Re: My Les Paul is noisy! Video!
I'm out too. Have fun.
but good luck explaining how your body can ground a guitar by touching the strings without a ground being connected to the bridge.
(God, I had to stick my head in the door on my way to the water fountain.)
Okay. The human body is a big bag of water-filled tissues and conductive electrolytes. We are constantly picking up and shedding electrical charge. On average, we are pretty neutral on the +/- voltage thing. Also, our sheer mass makes us able to sink a fair amount of charge (not at high currents or anything, but significant for the purposes of this discussion). Ever get shocked by static electricity? That's you and some piece of metal (or maybe another person, etc.) trading electrical charge and getting back to zero (more or less).
Don't believe it? Try this:
1.) Take a guitar cable and plug one end into an amp, but keep the other end free.

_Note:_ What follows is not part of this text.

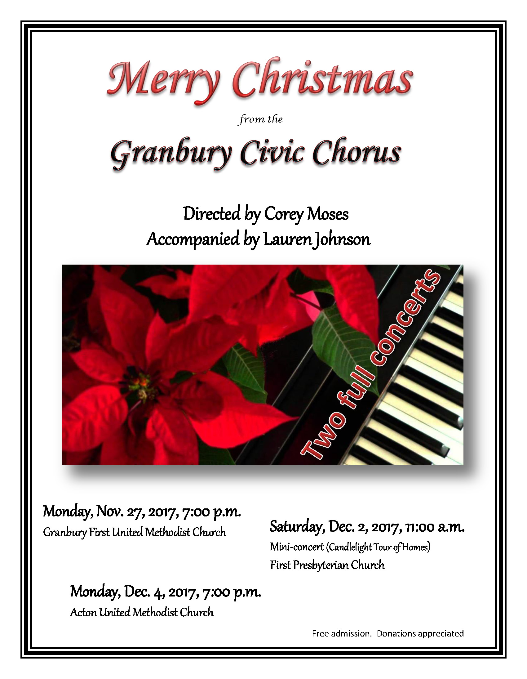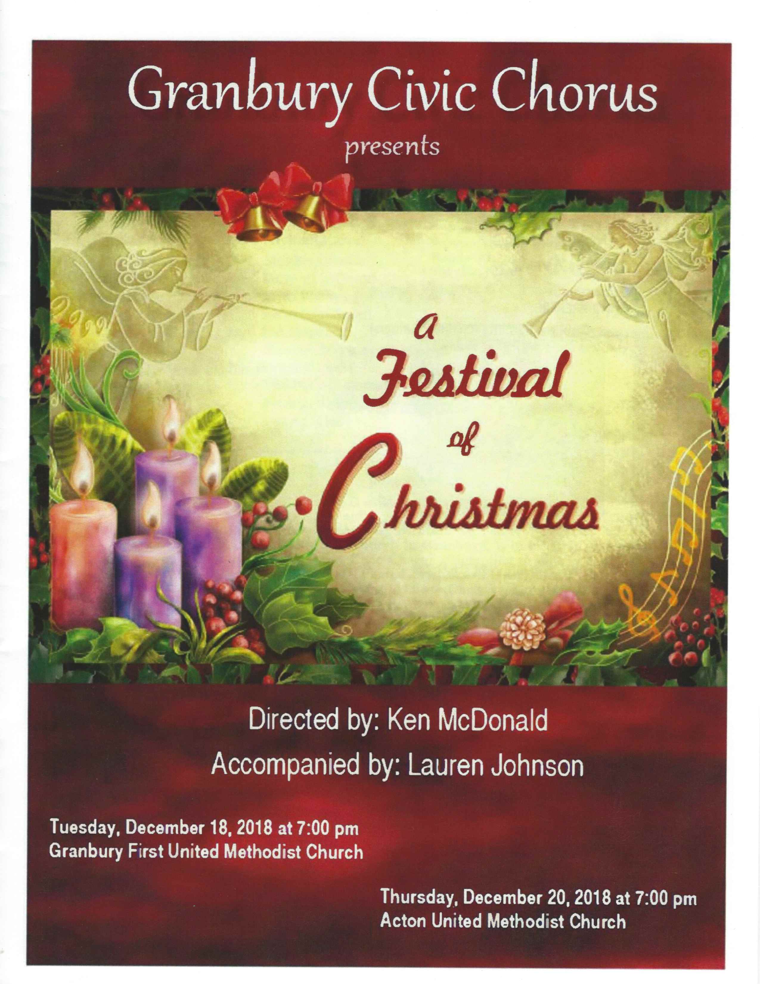December 2018 — A Festival of Christmas Posted on December 27, 2018July 27, 2019 by saraesmithcharternet Director – Ken McDonald | Accompanist – Lauren Johnson Performance: Tuesday, December 18, 2018 at 7:00 PM Granbury First United Methodist Church Thursday, December 20, 2018 at 7:00 PM at Acton United Methodist Church Like Loading...

2.) Turn on the amp and dial up a decent amount of gain -- enough that you hear noise through the amp without touching the cable.

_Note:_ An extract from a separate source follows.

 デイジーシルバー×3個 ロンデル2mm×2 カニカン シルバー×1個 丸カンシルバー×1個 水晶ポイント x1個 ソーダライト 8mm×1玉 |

3.) Pick up the cable and touch the different parts of the 1/4" plug. Press on the tip with your finger. Loud, huh? Now press good and hard on the sleeve (ground). Does it maybe get quieter?
4.) Now touch the tip of the cable to a ground on the inside of a guitar cavity. Or some random thing like the grounded chassis of a stereo component. Or a metal filing cabinet. See what happens.
5.) Then see what those various ground points do with the sleeve on the guitar cable.
I don't claim to know everything about guitar wiring, but dude, this is real.